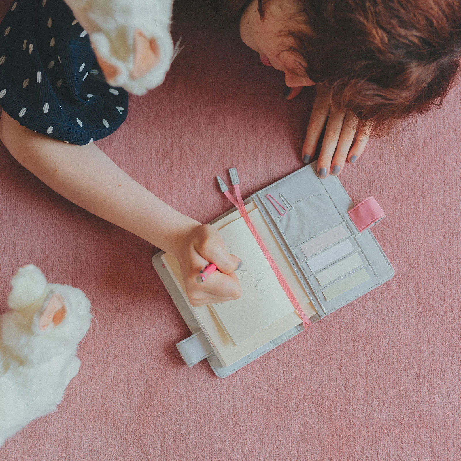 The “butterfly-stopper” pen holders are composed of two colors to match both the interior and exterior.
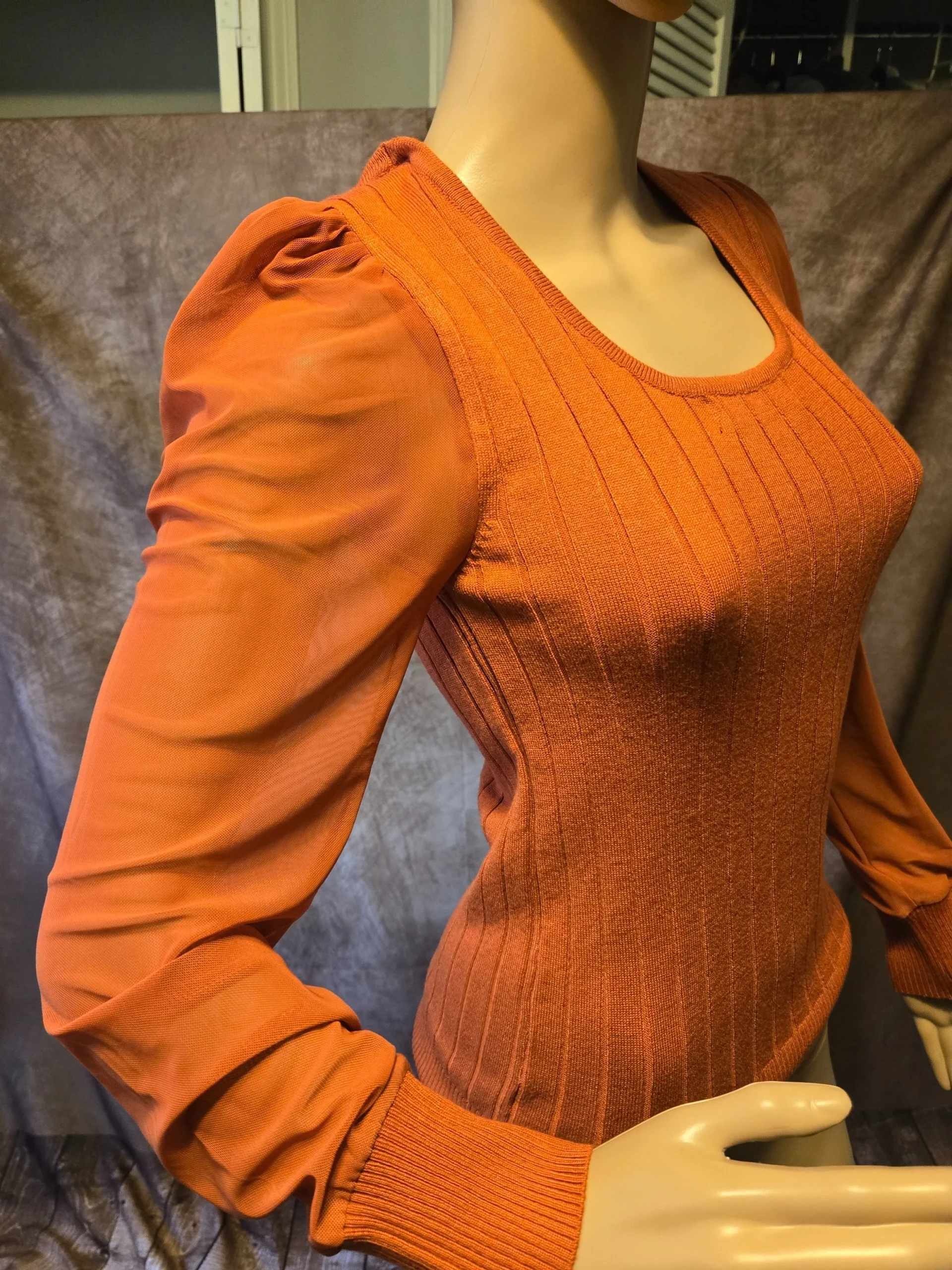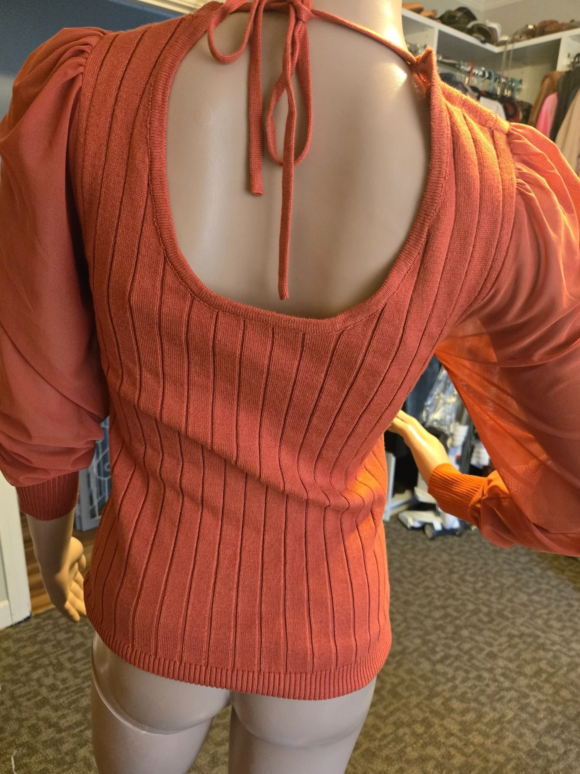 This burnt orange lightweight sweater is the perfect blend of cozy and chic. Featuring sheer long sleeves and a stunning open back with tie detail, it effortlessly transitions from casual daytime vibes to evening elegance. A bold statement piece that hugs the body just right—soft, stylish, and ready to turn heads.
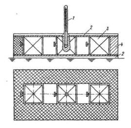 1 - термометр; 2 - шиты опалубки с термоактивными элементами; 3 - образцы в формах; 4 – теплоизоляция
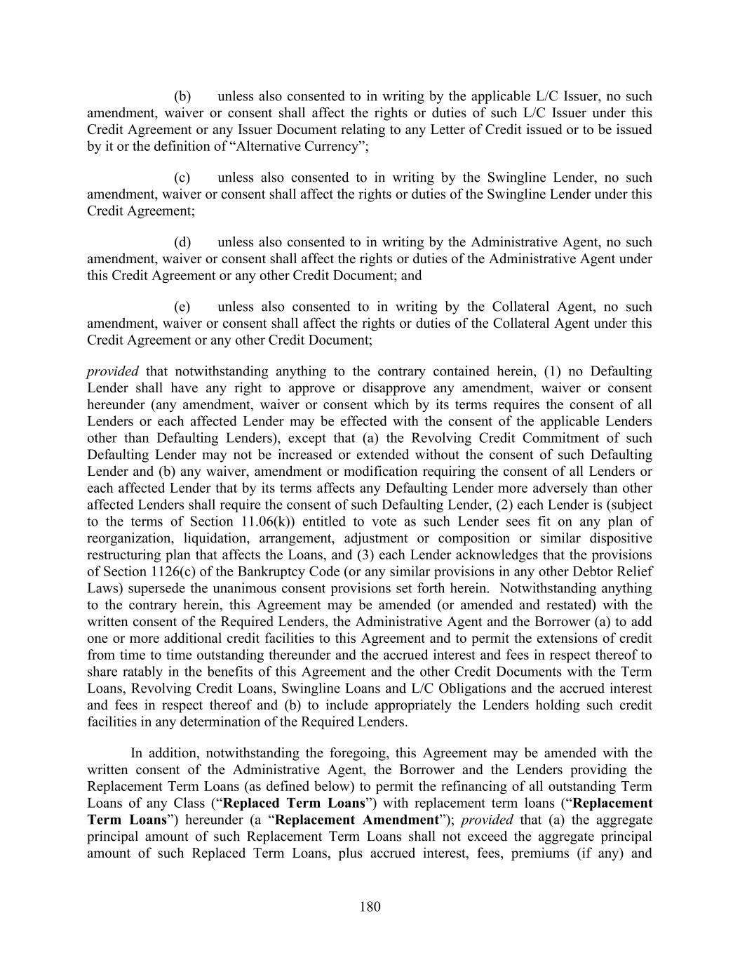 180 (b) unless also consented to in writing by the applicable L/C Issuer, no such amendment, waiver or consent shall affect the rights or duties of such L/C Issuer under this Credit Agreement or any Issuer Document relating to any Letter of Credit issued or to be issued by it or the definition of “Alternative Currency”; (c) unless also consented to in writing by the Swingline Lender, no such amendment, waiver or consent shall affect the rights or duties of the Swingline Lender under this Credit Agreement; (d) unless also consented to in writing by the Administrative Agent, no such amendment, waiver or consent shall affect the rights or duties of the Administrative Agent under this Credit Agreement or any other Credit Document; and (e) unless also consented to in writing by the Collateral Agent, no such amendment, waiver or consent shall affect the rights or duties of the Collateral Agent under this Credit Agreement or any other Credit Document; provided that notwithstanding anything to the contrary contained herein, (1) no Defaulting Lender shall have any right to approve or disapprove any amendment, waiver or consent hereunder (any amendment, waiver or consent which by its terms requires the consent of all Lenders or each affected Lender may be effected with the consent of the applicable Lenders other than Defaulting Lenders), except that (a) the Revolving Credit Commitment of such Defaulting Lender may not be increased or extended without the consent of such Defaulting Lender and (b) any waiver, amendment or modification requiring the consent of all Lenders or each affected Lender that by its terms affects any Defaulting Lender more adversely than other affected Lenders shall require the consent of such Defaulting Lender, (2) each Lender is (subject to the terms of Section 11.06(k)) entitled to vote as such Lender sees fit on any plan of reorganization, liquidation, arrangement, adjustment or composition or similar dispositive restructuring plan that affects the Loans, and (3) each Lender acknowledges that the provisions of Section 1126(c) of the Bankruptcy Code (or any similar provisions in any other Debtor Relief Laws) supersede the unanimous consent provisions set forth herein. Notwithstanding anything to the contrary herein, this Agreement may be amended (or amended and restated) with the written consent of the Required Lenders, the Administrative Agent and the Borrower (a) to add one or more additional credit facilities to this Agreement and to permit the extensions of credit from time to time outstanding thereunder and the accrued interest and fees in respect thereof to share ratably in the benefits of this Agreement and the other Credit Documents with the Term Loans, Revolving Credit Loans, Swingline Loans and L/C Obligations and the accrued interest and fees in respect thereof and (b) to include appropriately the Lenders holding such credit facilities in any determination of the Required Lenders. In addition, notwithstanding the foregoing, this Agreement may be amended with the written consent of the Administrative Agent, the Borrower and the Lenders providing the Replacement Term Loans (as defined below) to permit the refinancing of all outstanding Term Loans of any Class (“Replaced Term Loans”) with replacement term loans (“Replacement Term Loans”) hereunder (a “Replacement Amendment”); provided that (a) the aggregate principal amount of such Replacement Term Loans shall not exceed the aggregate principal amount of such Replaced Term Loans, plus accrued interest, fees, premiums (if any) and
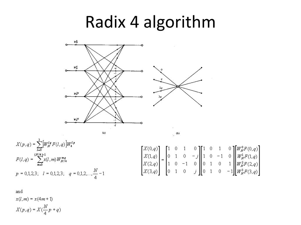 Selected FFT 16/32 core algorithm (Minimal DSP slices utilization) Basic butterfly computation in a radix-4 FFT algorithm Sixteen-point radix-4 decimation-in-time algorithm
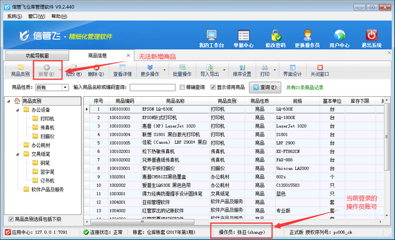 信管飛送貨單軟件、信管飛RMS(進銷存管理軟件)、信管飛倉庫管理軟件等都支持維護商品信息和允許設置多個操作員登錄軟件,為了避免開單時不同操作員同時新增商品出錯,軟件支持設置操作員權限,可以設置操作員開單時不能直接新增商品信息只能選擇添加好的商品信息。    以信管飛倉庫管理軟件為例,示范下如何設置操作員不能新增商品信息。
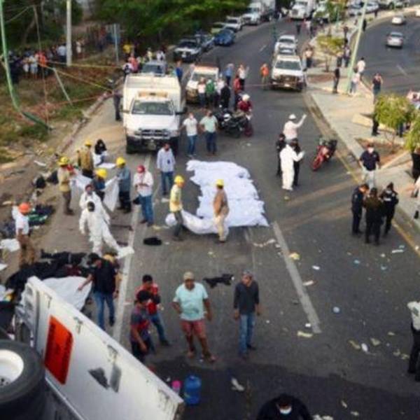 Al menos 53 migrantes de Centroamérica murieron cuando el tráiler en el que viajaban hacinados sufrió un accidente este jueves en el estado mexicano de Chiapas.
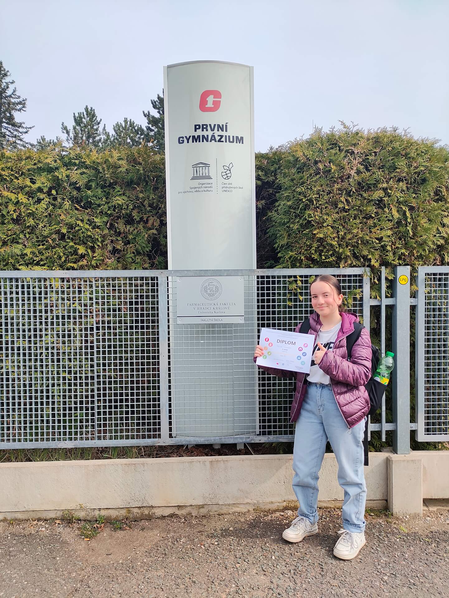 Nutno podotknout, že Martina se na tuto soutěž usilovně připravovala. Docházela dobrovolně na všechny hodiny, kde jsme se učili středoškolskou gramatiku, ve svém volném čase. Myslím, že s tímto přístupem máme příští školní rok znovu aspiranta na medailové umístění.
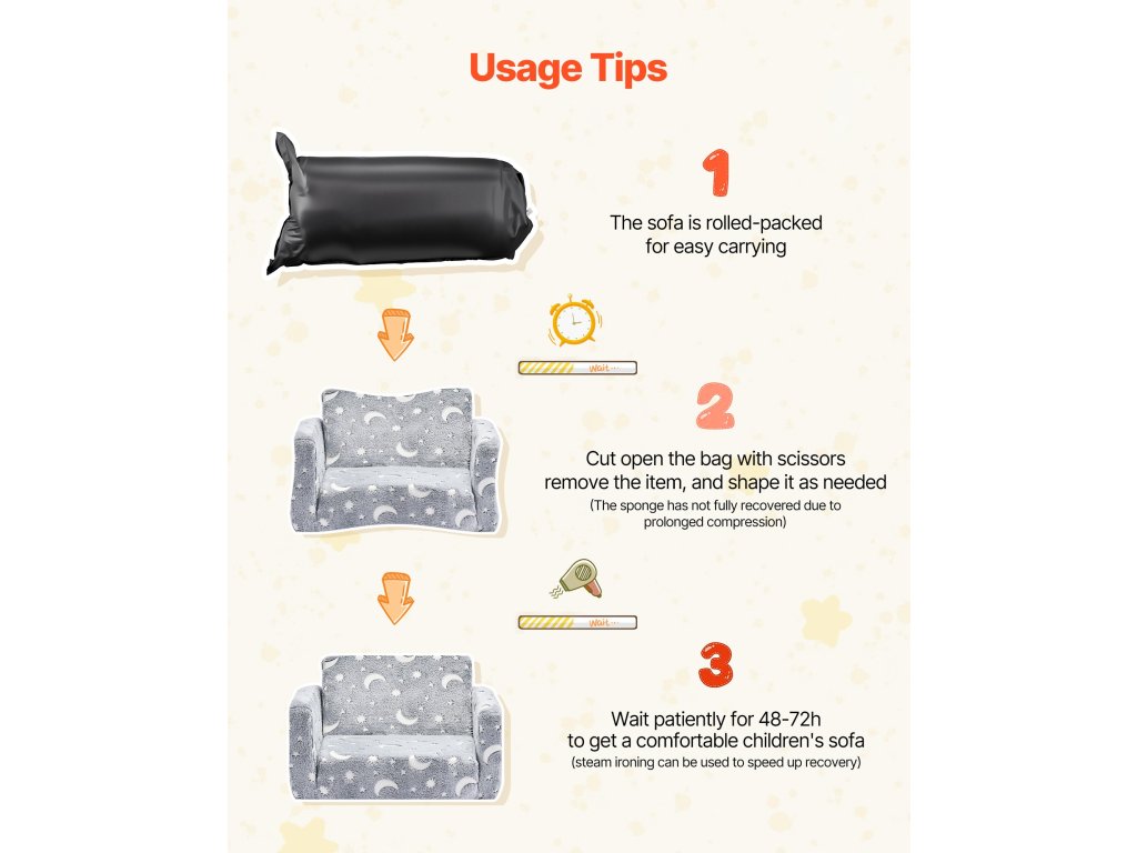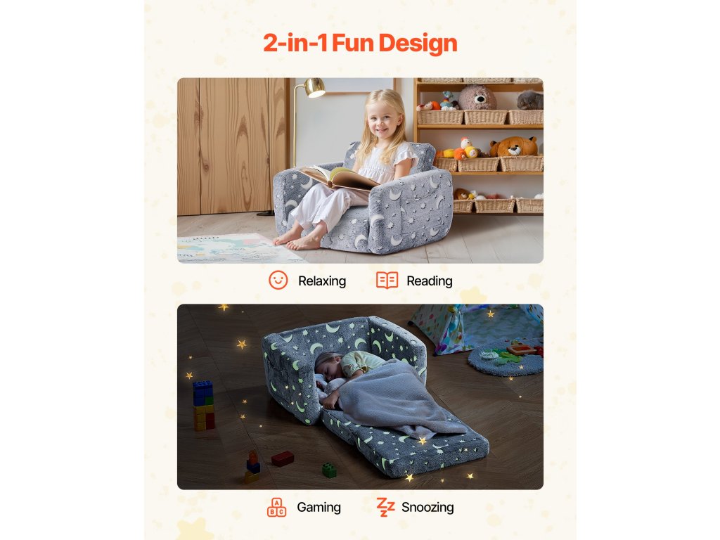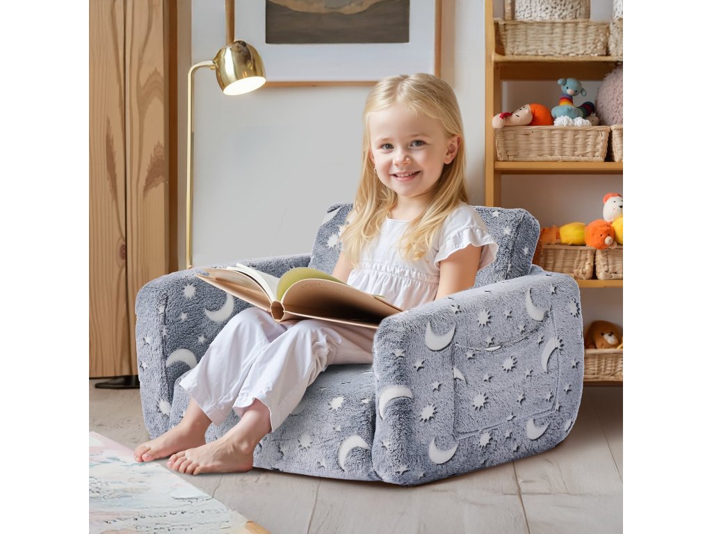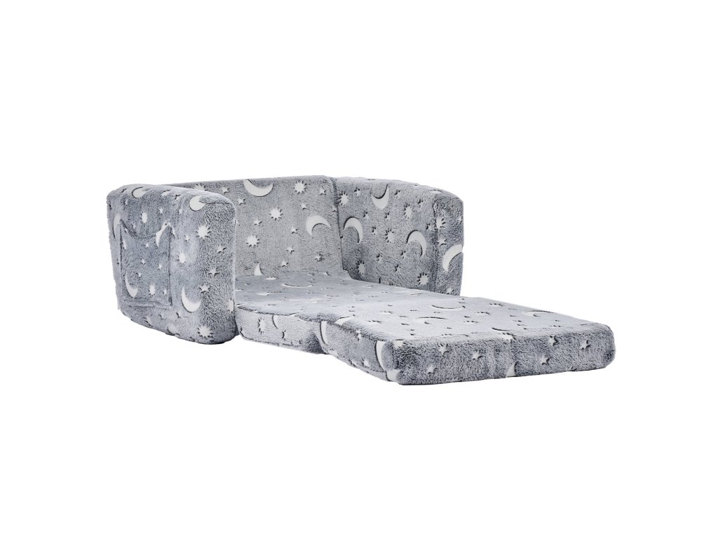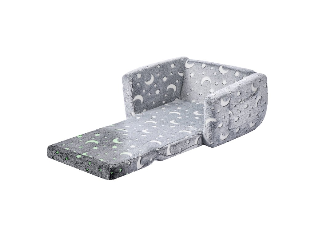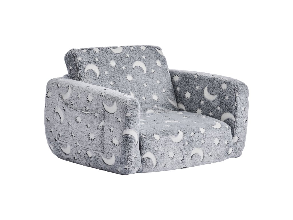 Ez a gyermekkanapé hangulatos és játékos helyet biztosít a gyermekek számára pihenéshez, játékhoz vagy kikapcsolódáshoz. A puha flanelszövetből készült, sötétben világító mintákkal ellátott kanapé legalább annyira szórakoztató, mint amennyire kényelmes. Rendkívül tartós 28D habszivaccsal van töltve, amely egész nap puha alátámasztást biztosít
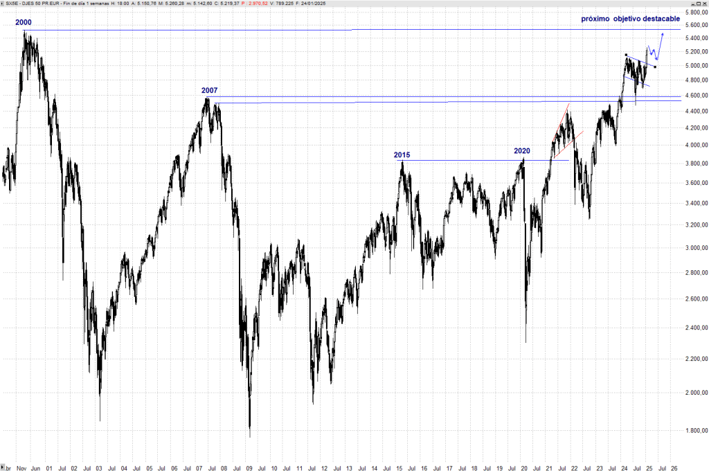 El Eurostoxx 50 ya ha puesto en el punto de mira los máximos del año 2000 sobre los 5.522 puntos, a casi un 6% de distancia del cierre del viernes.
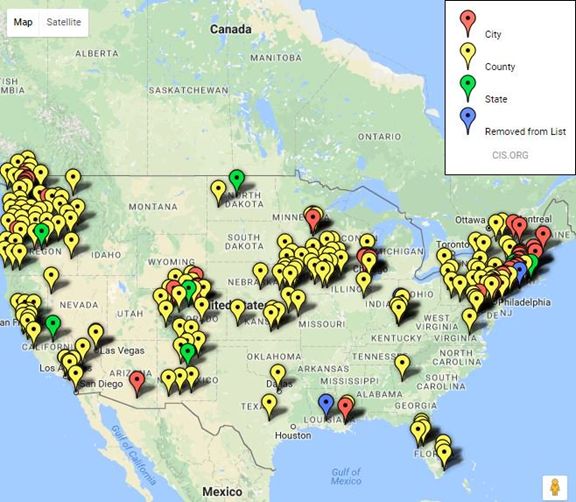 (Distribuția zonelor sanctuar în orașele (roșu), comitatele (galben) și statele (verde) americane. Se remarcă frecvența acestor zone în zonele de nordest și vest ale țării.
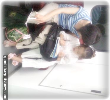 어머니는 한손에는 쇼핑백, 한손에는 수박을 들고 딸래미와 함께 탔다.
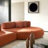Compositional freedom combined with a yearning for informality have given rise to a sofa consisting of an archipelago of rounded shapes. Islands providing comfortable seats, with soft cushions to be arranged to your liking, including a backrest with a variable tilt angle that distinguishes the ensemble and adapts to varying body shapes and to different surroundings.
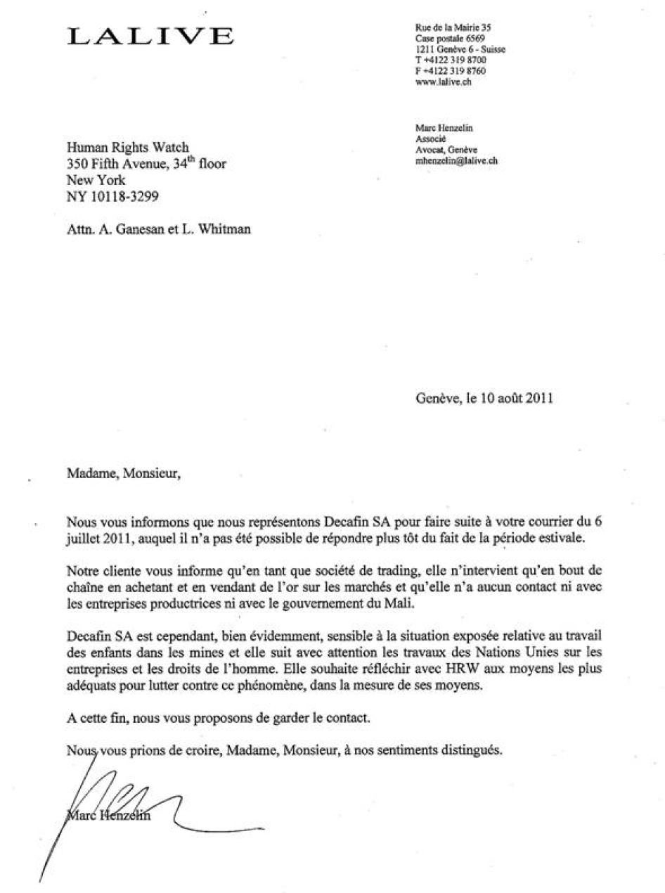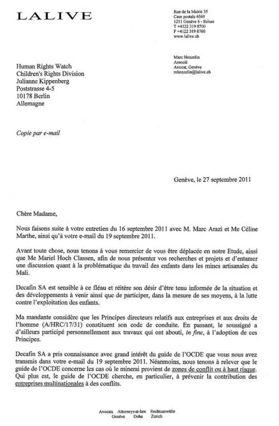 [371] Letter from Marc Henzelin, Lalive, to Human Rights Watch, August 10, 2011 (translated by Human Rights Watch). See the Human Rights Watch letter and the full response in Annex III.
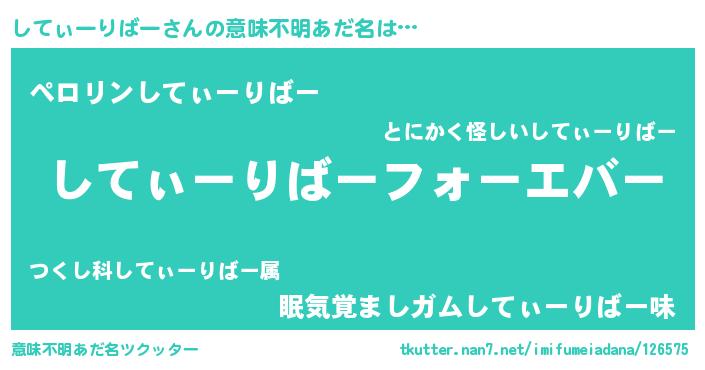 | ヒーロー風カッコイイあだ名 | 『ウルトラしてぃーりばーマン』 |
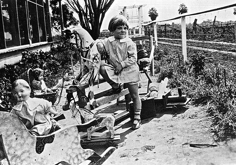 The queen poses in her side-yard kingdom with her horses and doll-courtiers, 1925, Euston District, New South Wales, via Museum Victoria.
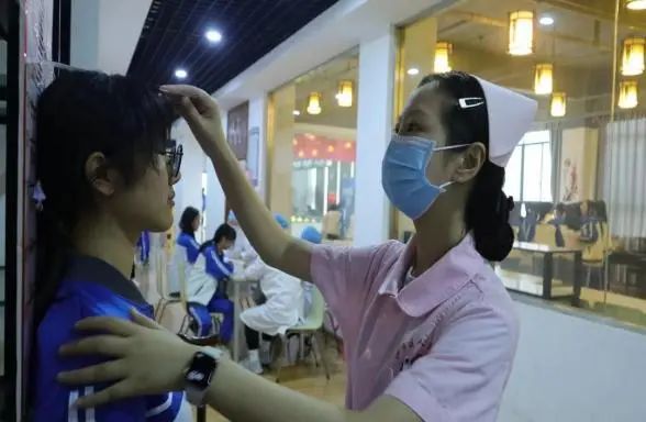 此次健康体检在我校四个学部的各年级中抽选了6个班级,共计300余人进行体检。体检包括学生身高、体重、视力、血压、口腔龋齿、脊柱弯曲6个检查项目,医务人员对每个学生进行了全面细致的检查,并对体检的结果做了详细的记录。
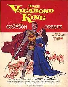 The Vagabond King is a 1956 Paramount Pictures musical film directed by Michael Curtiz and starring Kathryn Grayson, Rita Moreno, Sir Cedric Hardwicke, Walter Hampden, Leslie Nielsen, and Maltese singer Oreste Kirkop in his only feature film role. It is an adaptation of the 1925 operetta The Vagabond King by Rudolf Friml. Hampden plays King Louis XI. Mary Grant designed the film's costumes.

————————

PROBLEM TO WORK ON: Above is the material; set down exactly its lines from the one containing "Selected FFT 16/32" down to the one containing "Nutno podotknout, že", both included, leaving out any pictures.

YOUR RESPONSE:
 Selected FFT 16/32 core algorithm (Minimal DSP slices utilization) Basic butterfly computation in a radix-4 FFT algorithm Sixteen-point radix-4 decimation-in-time algorithm
 信管飛送貨單軟件、信管飛RMS(進銷存管理軟件)、信管飛倉庫管理軟件等都支持維護商品信息和允許設置多個操作員登錄軟件,為了避免開單時不同操作員同時新增商品出錯,軟件支持設置操作員權限,可以設置操作員開單時不能直接新增商品信息只能選擇添加好的商品信息。    以信管飛倉庫管理軟件為例,示范下如何設置操作員不能新增商品信息。
 Al menos 53 migrantes de Centroamérica murieron cuando el tráiler en el que viajaban hacinados sufrió un accidente este jueves en el estado mexicano de Chiapas.
 Nutno podotknout, že Martina se na tuto soutěž usilovně připravovala. Docházela dobrovolně na všechny hodiny, kde jsme se učili středoškolskou gramatiku, ve svém volném čase. Myslím, že s tímto přístupem máme příští školní rok znovu aspiranta na medailové umístění.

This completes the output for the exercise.